In a pair of recent public appearances, top Department Officials have announced important changes in policy and personnel as a result of government’s new initiative. First, in a speech delivered to the American Bankers Association and the American Bar Association on November 16, 2015, Deputy Attorney General Yates announced that the Department of Justice is revising the stone tablets that comprise the United States Attorney’s Manual. First, the Department is revising the Principles of Federal Prosecution of Business Organizations (commonly referred to as the Filip factors) to emphasize the primacy in any corporate case of holding individual wrongdoers accountable. If a company wants any credit at all for cooperating with the investigation, it must provide all non-privileged information about the individual wrongdoing. The government is now separating what used to be a single factor regarding a corporation’s voluntary disclosure and its willingness to cooperate into two distinct factors: one regarding a company’s timely and voluntary disclosure and one regarding cooperation. Additionally, the Department of Justice is amending the Manual to instruct its civil attorneys to follow the same factors as its criminal attorneys, and an inability to pay is not in and of itself a reason to decline a civil case: “Just because wrongdoers are judgment-proof doesn’t mean they should escape all judgment.”

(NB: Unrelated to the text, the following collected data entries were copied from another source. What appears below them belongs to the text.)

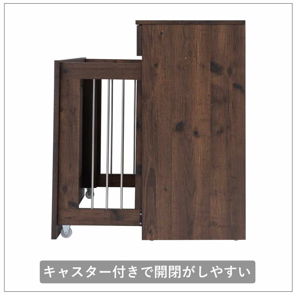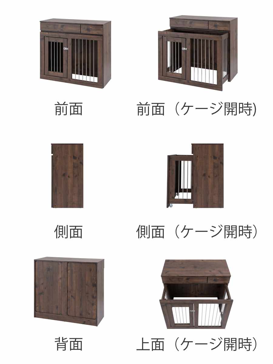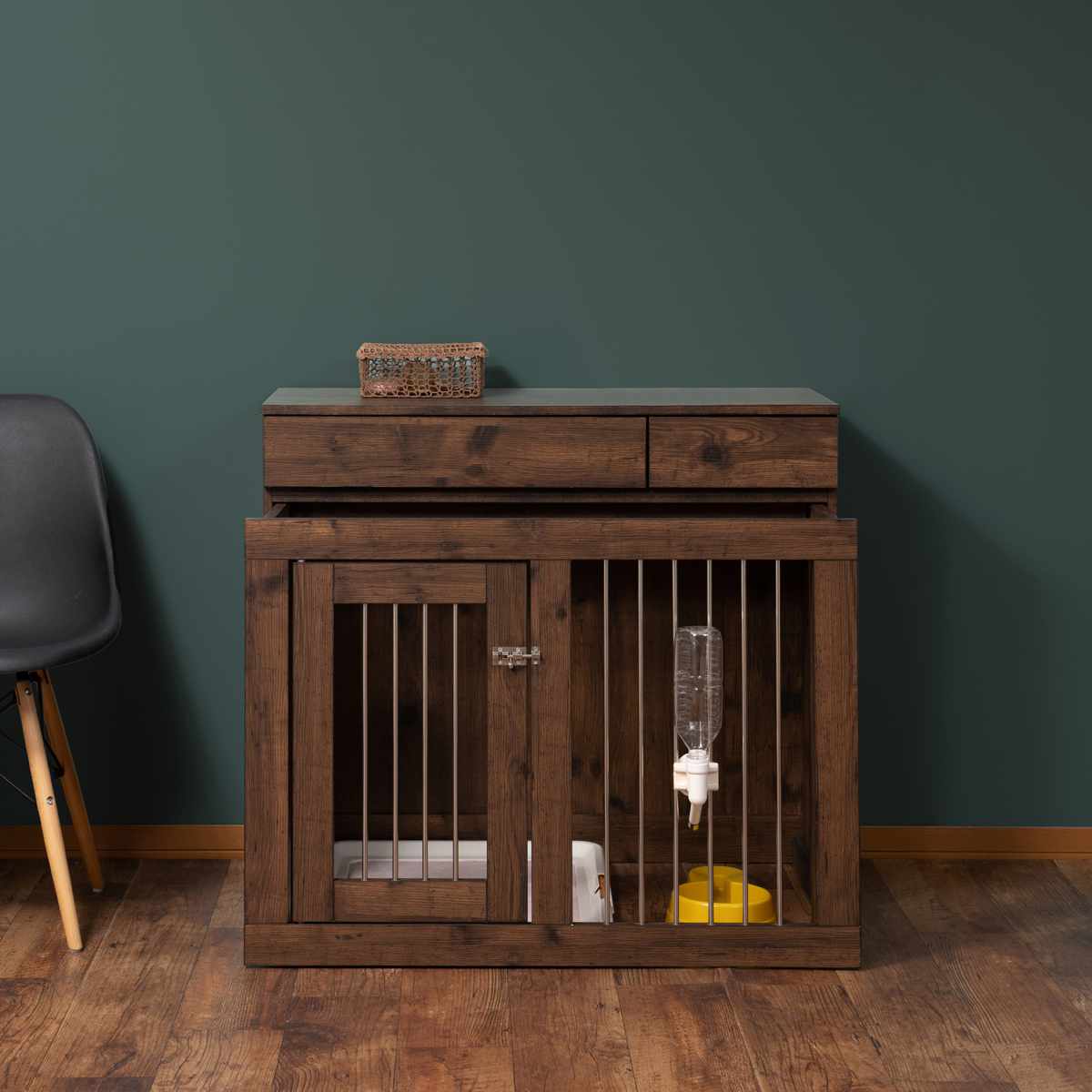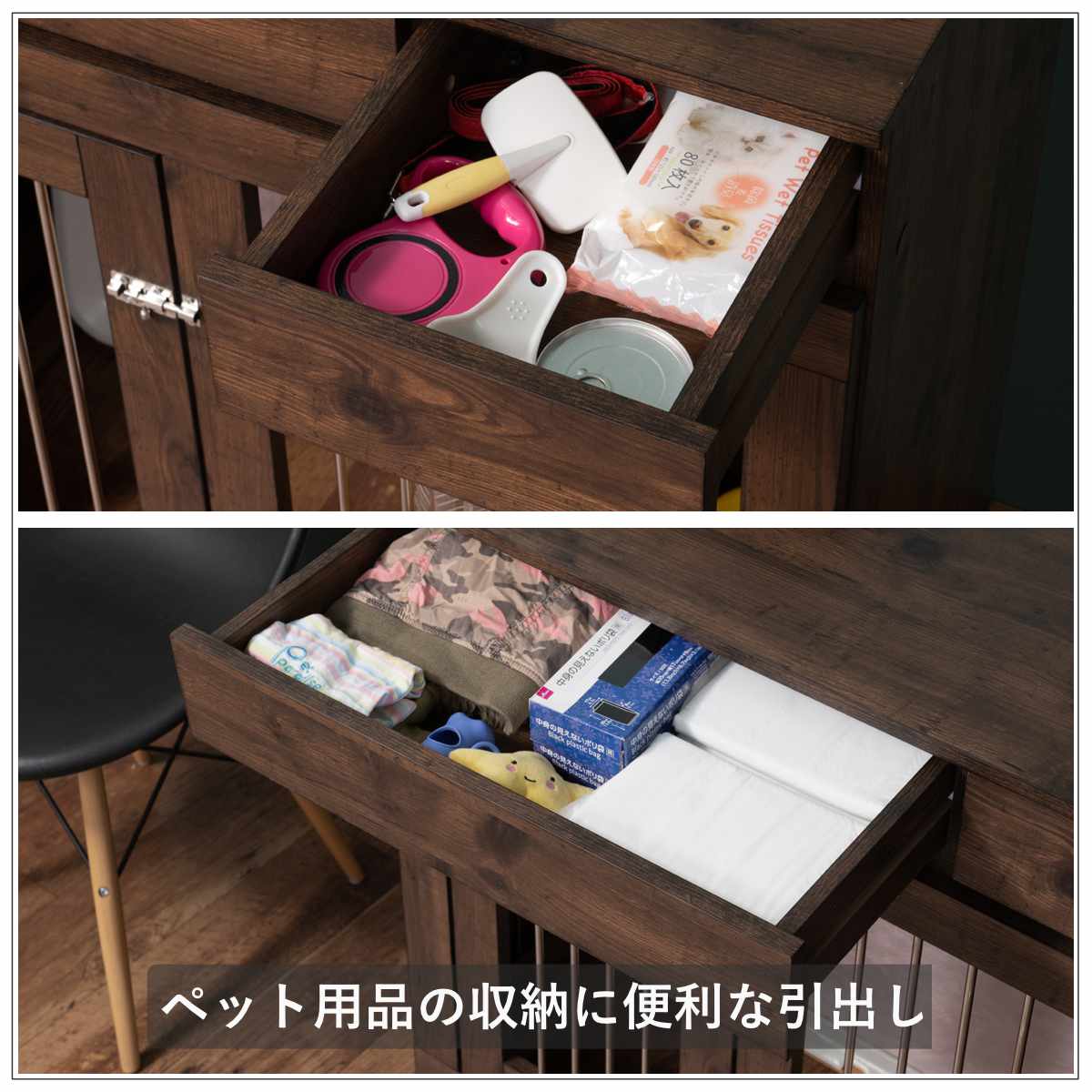 ペットケージ 幅90cm キャビネット ヴィンテージ調 Arizona ( アリゾナ ペット家具 ケージ 家具 収納 引き出し 収納ラック 鍵付 ペット用品 ペットベッド 背面化粧 拡張 )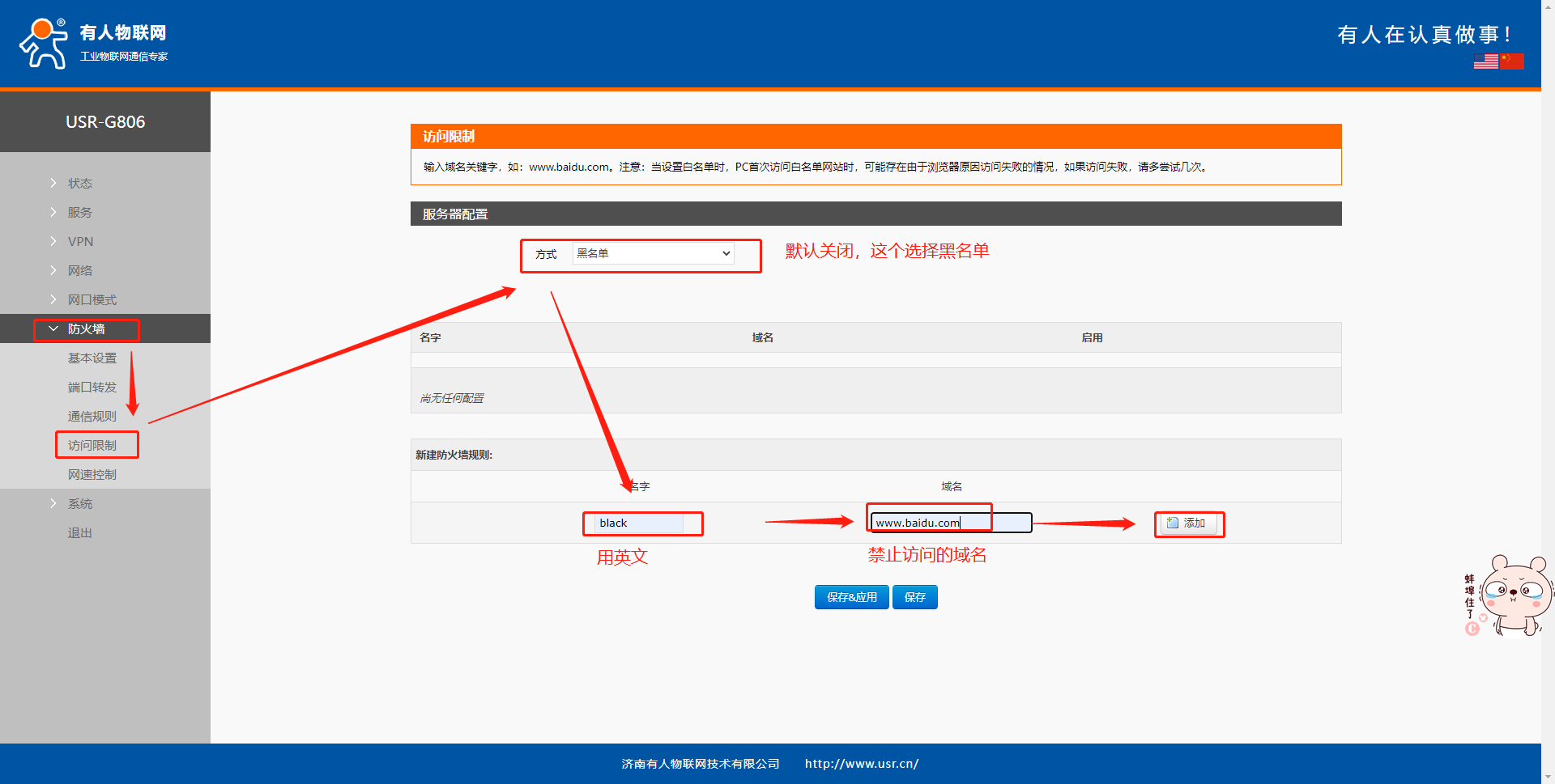 功能解釋:連接路由器的設備無法訪問黑名單的域名,其它域名地址可以正常訪問
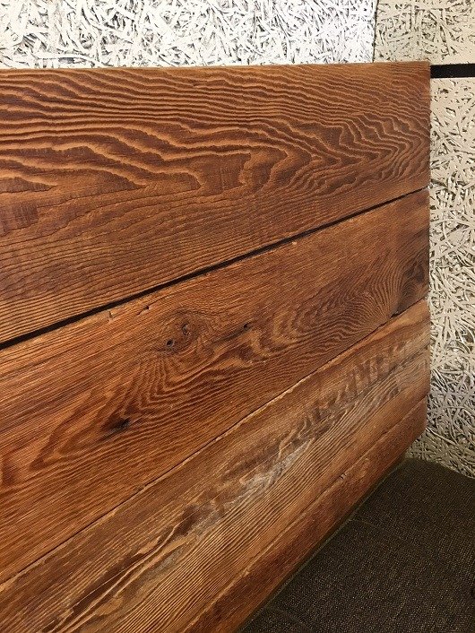納屋や倉庫の内部から採取された古材は、ノコ目跡や当時の風合いが100年以上経過した今でもそのまま保たれており、当時のどこか懐かしい温かみのある素材感がとても人気の板材です。貼りあがった時の存在感は抜群です。古材好きが最後に必ず行きつく商品としても知られています。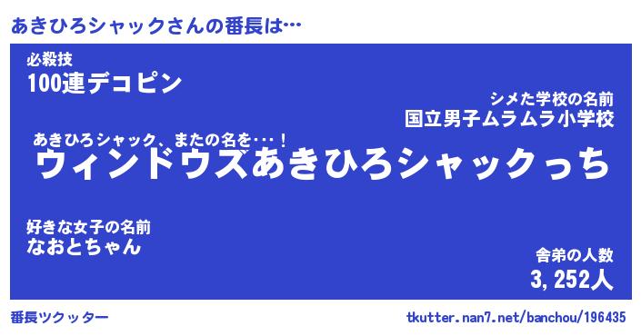 | ピコ太郎風あだ名 | 『アコ史郎』『ピア二郎』『アキ五郎』 |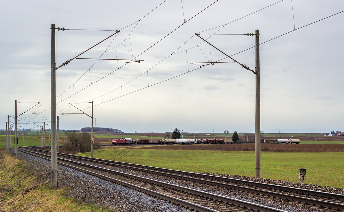 Nach der langgezogenen Linkskurve geht es für 152 063-4 mit ihrem gemischten Güterzug nur kurz geradeaus, bevor die nächste Rechtskurve folgt... Zu sehen gibt es diese dann das nächste Mal, wenn das Wetter wieder stimmt ;) Aufgenommen zwischen Gollhofen und Uffenheim am 08.02.2014 Sebastian B.

Second, in a speech delivered on November 17, 2015 to a seminar for attorneys focused on the Foreign Corrupt Practices Act (“FCPA”), Assistant Attorney General Leslie Caldwell announced that the Department of Justice is seeking to hire 10 prosecutors to add to its FCPA unit. This represents a 50% increase in its labor force. Assistant Attorney General Caldwell made specific reference to the principles of the Yates memo when she told the attendees of the seminar, “Companies cannot just disclose facts relating to general corporate misconduct and withhold facts about the individuals involved…And internal investigations cannot end with a conclusion of corporate liability, while stopping short of identifying those who committed the underlying conduct.” Certainly with the inevitable increase in the number of individual prosecutions, the Department will need more attorneys to review corporate disclosures and try cases. Assistant Attorney General Caldwell’s comments make that connection clear.